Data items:
==============================

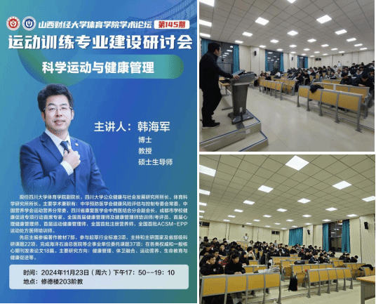 11月23日下午,四川大学beats365副经理、硕士生导师韩海军教授应邀来校讲学。在beats365学术论坛第一百四十五期暨专家论坛中韩海军教授作了题为《科学运动与健康管理》的学术讲座。beats365骨干教师、全体研究生及本科生100余人参加讲座。讲座由beats365副经理王树宏主持。
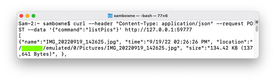 curl --header "Content-Type: application/json" --request POST --data '{"command":"listPics"}' http://127.0.0.1:59777
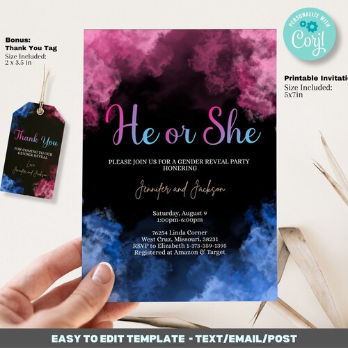 Burnouts or Bows Gender Reveal Invitation Template Digital Download
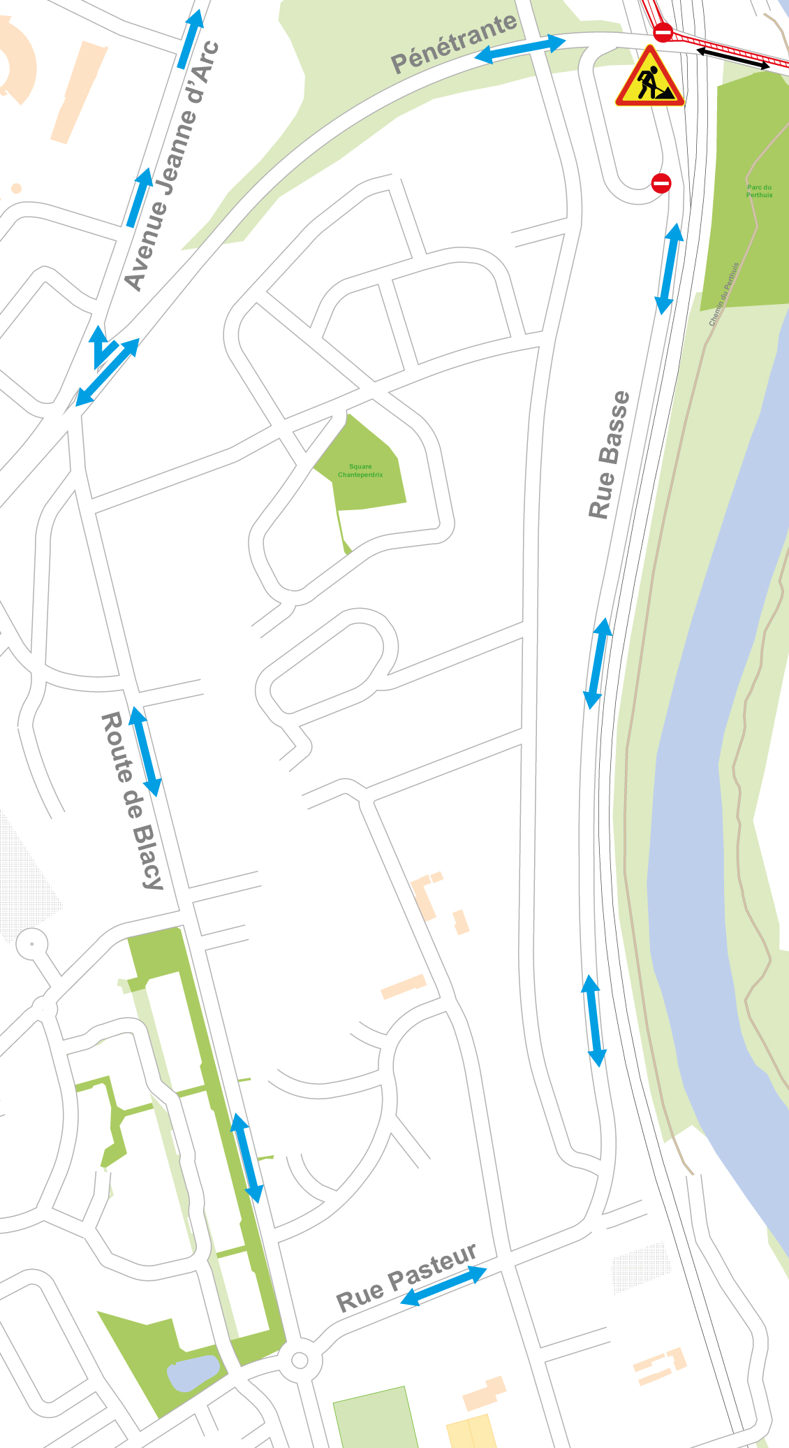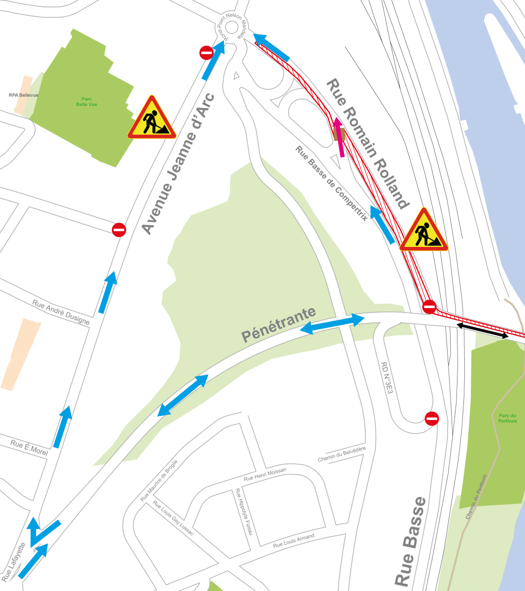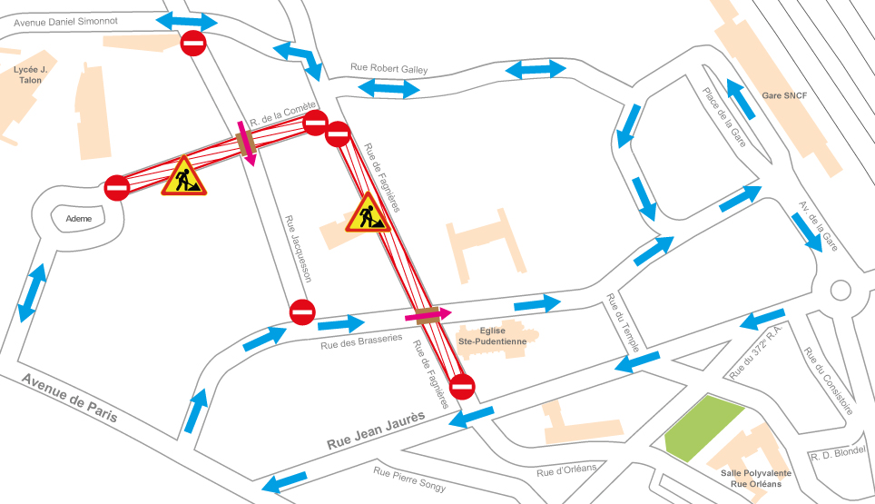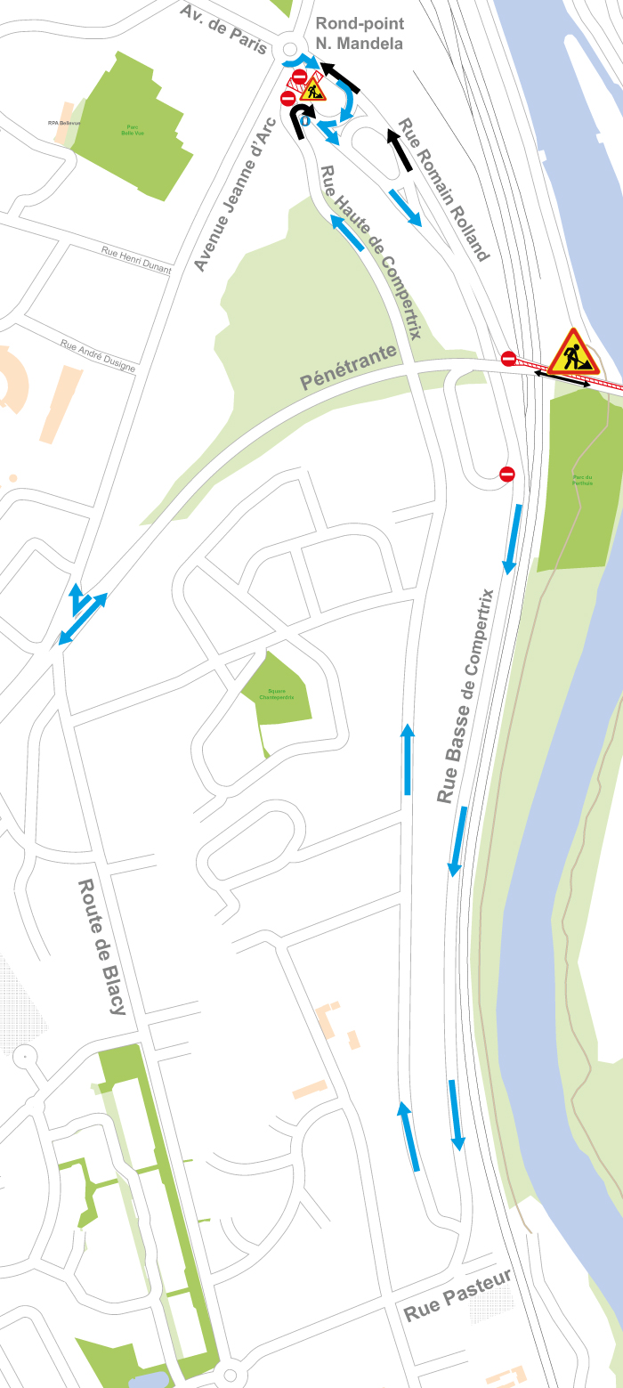 - Mise en sens unique de circulation de l’av. Jeanne d’Arc vers la gare à partir de la rue André Dusigne, déviation via l’avenue de Paris
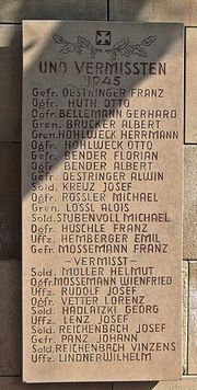| 22:09, 23. Mär. 2012 | Gefallenendenkmal Rettigheim.JPG (Datei) | 1,39 MB | Suggs | {{Bildbeschreibung|Rettigheim: [[Gefallenendenkmal] für die Opfer beider Weltkriege auf dem Friedhof | selbst | S. Zimmermann | 14.03.2012 }} Kategorie:Bild (Suggs) Kategorie:Bild (Rettigheim) Kategorie:Bild (Gefallenendenkmal) == L | 1 | |
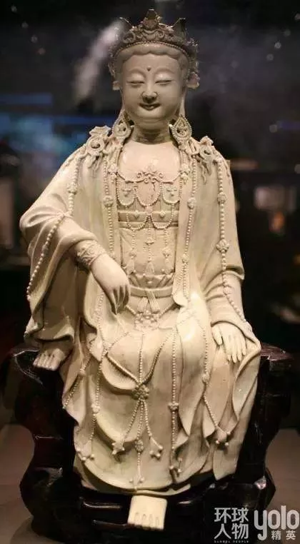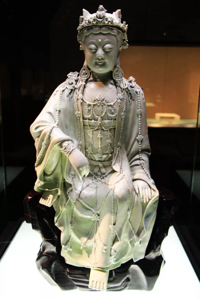 第二件能称镇馆之宝的是元代景德镇窑青白釉水月观音菩萨像。此尊观音菩萨像姿势自然优美,呈观水中月姿势,故称水月观音。水月观音的形象是最早唐代画家周昉根据玄奘大唐西域记中的观自在菩萨创造的造型,体现了元代景德镇高超的瓷塑水平。

==============================

== Exercise details ==
Up to and including the line with "Burnouts or Bows", repeat every line from the top of the entries exactly, but not the pictures.

== Answer section ==
 11月23日下午,四川大学beats365副经理、硕士生导师韩海军教授应邀来校讲学。在beats365学术论坛第一百四十五期暨专家论坛中韩海军教授作了题为《科学运动与健康管理》的学术讲座。beats365骨干教师、全体研究生及本科生100余人参加讲座。讲座由beats365副经理王树宏主持。
 curl --header "Content-Type: application/json" --request POST --data '{"command":"listPics"}' http://127.0.0.1:59777
 Burnouts or Bows Gender Reveal Invitation Template Digital Download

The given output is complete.